A Letter from the Publisher
Foong Ling Kong on 2024
Well, hello!
Where did the year go? I’m slightly askance that we are in November, which means I have now been at MUP for ten months, having taken over from Nathan Hollier in January – a lifetime ago. I want to thank everyone who has been in touch for their warm welcome, and also acknowledge the magnificent MUP team, who have had to embed a new publisher and produce the titles that make up our stellar 2024 list.
As the University of Melbourne’s in-house press, MUP amplifies the University’s commitment to evidence-based knowledge and provides a vital platform for sharing its work with the world. MUP authors present the best peer-reviewed research and thinking in the country as idea, analysis, argument, rhetoric, memory, conscience and, most of all, knowledge. MUP books are not content.
MUP books stand for the enduring importance of scholarship – these are the books that help us think and make sense of the world we live in. Fran Lebowitz’s ‘Think before you speak. Read before you think’ has never been more apt than in today’s clamorous, shouty world.
As purveyors of copyright in the age of artificial intelligence, we are ever more aware that knowledge provenance and credibility have never mattered more. So it is especially gratifying when a scrupulously researched book like Andrew Fowler’s Nuked: The Submarine Fiasco that Sank Australia’s Sovereignty is justly recognised at the 2024 Walkleys for its razor-sharp analysis, and for putting on the record the deep ramifications of policy breakdown and public misinformation.
Thanks are due to the MUP class of 2024 authors for entrusting us with their work, and for continuing in the tradition of writing books that explain Australians to ourselves and to the world.
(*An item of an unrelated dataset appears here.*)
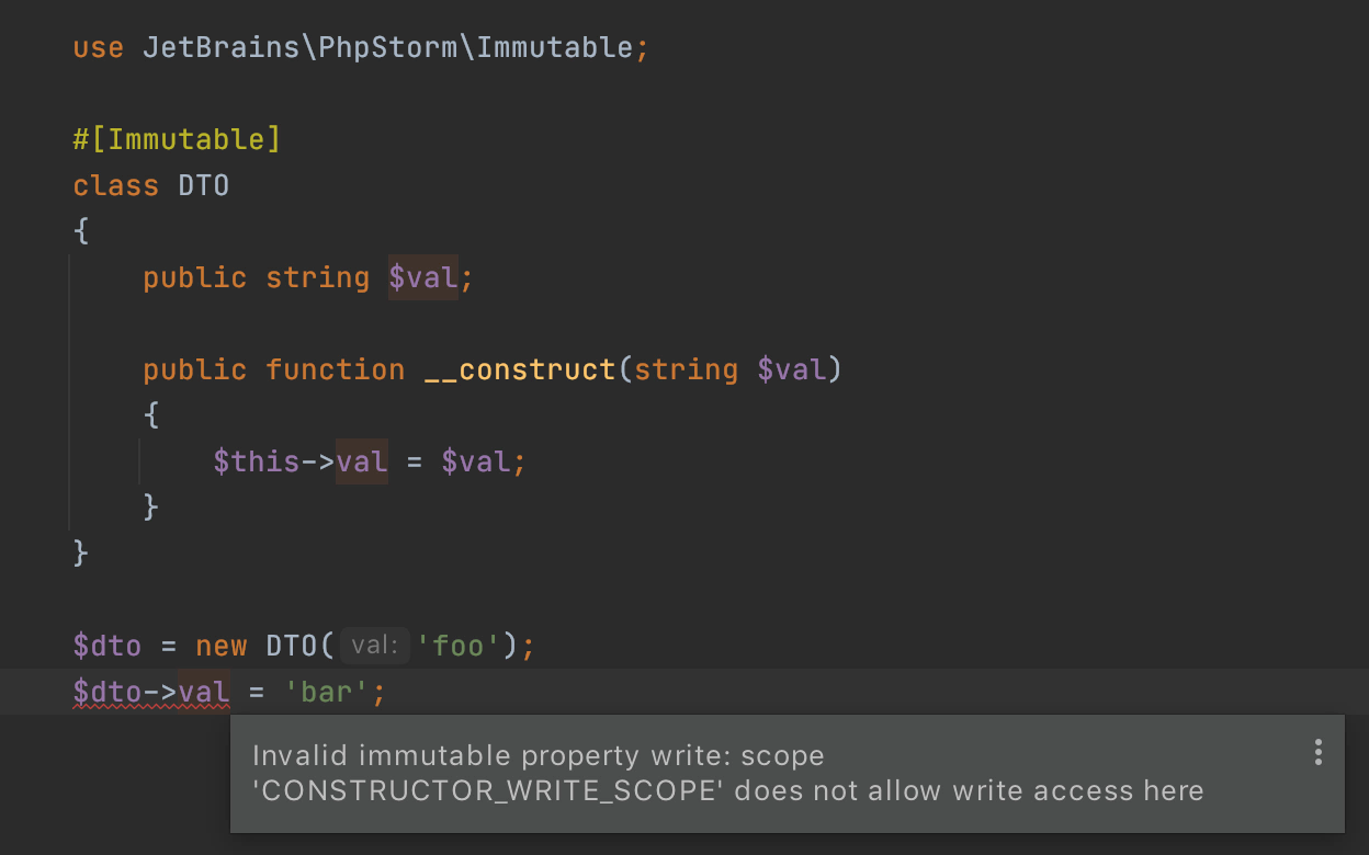 可以使用getter和setter或魔術(shù)方法在某種程度上模擬不可變的對(duì)象。從PhpStorm 2020.3開始,您可以簡單地用#[Immutable]屬性標(biāo)記對(duì)象或?qū)傩浴?/p>

This year, MUP authors took us inside the Australian Defence Force, followed the fortunes of the Matildas and dissected the Eurasian power shift.
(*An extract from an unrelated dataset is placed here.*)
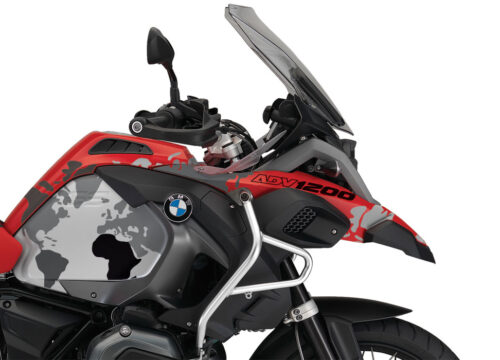 BMW Aluminum Side Panniers Spike Blue & Red Stickers Kit

They crafted books on the lives of women who left their families for a strictly enclosed order of nuns, on the battle for the heart and soul of what became the modern AFL and on a David-and-Goliath battle to control the world’s money markets.
As a university press sited on the lands of the Boon Wurrung, Woiwurrung and Wurundjeri, we are fortunate to learn from and walk with our Indigenous colleagues, who generously share their knowledge with us in Dhoombak Goobgoowana and Indigenous Knowledge: Australian Perspectives. Look out for more Miegunyah Indigenous titles in 2025, a list that will feature work by Wayne Atkinson, Marcia Langton, John Moriarty and more.
Other MUP authors looked at decolonisation through different lenses: through the question of Aboriginal art and copyright, narratives of colonial discovery and by making an impassioned case for non-Western ways of creating sustainable relationships with the environment in which we live.
One of the great privileges of publishing at MUP is making books for the Miegunyah imprint. We are proud to present two artistic titans: Nolan’s Africa by Andrew Turley shows Nolan’s prescience in his examination of species extinction and human conflict. Our other illustrated title is Patrick McCaughey’s judiciously edited Diaries of Fred Williams: intimate, insightful, generous, and a rare glimpse into an artist’s creative process.
Our list this year also includes many works of great literary power. My Brother Jaz, a masterpiece of conception and execution, took Gideon Haigh 37 years to get to writing; we are so pleased that so many readers have already taken this book to their hearts.
Meanjin editor Esther Anatolitis has pulled together a stylish provocation of a book in Essays that Changed Australia, and for a masterclass of legal dissection nonpareil, there is Justice Michael Lee’s judgment on the Lehrmann defamation case.
Mark Raphael Baker’s A Season of Death – a book about love in all its guises and how it illuminates, enraptures, heals – completes Mark’s trilogy of works that began nearly three decades ago with his singular Fiftieth Gate. This posthumous work was completed by Mark’s wife Michelle Lesh and his stepfather-in-law Raimond Gaita, whose paperback edition of Justice and Hope features a new essay on Gaza and a foreword by Maria Tumarkin.
As Australia readies itself for a 2025 election, two MUP titles can help you get a handle on how we got here and how to chart a course forward. A Better Australia, on policies that have made present-day Australia, spanning gun reform to the NDIS, superannuation, gender, the environment and more, makes the case for policy innovation through bipartisanship and consensus. An Unlikely Survival traces the evolution of welfare government by government over the last 75 years, and asks if we are indeed ready to enable a fairer Australia.
We are well into making our 2025 books, and excited about bringing you exceptional reading on subjects as diverse as the enduring grandeur of the Gallipoli myth, Australian fathering, Antarctica and more. For more gems on this year’s list and to keep up with our publications, please drop by our website. While there, do look up our other prize-winning titles and bookmark events to keep up with your favourite authors’ appearances.
Few gifts are better than books – I would say that! – so for the upcoming festive season, we hope you’ll support your local bookshop.
Finally, from all of us at MUP, have a safe and restful summer break when you get there, and very happy reading to you. See you on the flipside.